MakeForms is a strong option if you want a field with radio, chip, and image styles, plus bulk option setup and layout controls. Other common tools that support single choice questions include Typeform, Google Forms, Jotform, Tally, and Forms.app.

Create your choice field and define the options first. In MakeForms you can add options one by one, or paste a list using Bulk Add.

Then add a conditional rule in your form logic: when this field equals Option A, show or hide another field, section, or step. Use exact option values so the rule matches cleanly. If you use an Other option, treat it as its own selectable value, then you can add separate rules for it.

Turn on the Required Field setting for the choice field. If the user tries to submit without selecting an option, MakeForms shows an error and blocks submission until they pick one.

Yes. In MakeForms, set the Choice Type to Image mode, then upload an image per option. You can also control whether the selected image shows an indicator, and whether labels show under the images.

Publish the form, then use the embed option from your form builder. Most builders provide an iframe embed and a direct link. If you use MakeForms URL prefill, you can also embed a link that auto-selects a choice using a query parameter, for example?cuisine=Mexican, as long as the value exists in your options list.

If you need the same question to appear multiple times for the respondent, use the Repeat This Field setting in MakeForms, set the repeat limit, and the user can add more rows using Add More.

If you mean duplicating while building the form, most builders also offer a duplicate field action in the editor, then you only change the label or options.

Look for a Save and resume later or Partial save option in your form builder. When enabled, the platform saves a draft as users fill the form, then lets them continue later from the same state. If your builder does not have save and resume, a common workaround is splitting the form into steps and saving progress via an account login or a custom session link.

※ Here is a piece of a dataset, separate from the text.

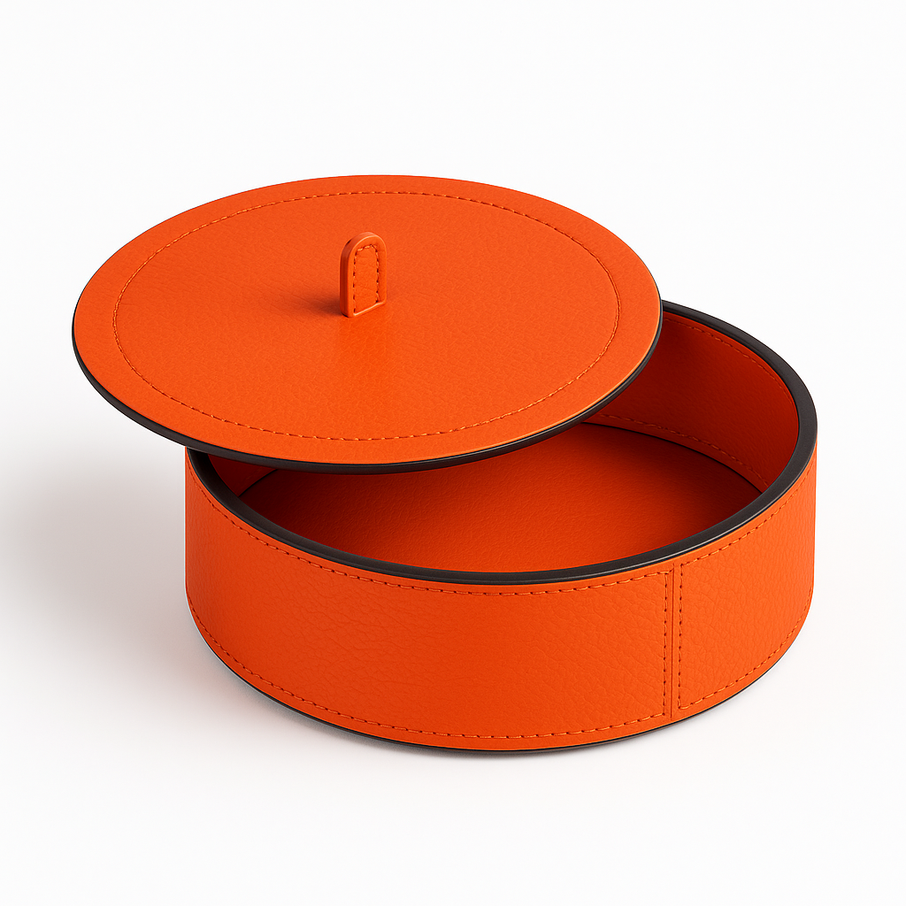 Es eignet sich perfekt zur Aufbewahrung von Kleinigkeiten, Schmuck oder Schreibtischzubehör und verleiht sowohl privaten als auch professionellen Umgebungen einen Hauch von Eleganz. Der Deckel mit einer Lasche in der Mitte erleichtert das Öffnen, während die starre Struktur für Stärke und Stabilität sorgt.

The fastest approach is copy-paste the option list into the new field. In MakeForms you can use Bulk Add and paste options separated by commas or new lines, then each entry becomes its own option in the same order.

If you are moving multiple questions, export from the old tool (CSV, JSON, or form template) and recreate the fields, then reuse the option lists via Bulk Add.

Use a clear field label and add helper text when the question needs extra context. In MakeForms, helper text can show as visible text or as an info icon. If you use Image mode, keep Display Label on so screen readers have text, and keep a clear selection indicator so users can confirm what is selected.

Avoid long option text, keep the option order stable, and use a column layout only if it does not make scanning harder.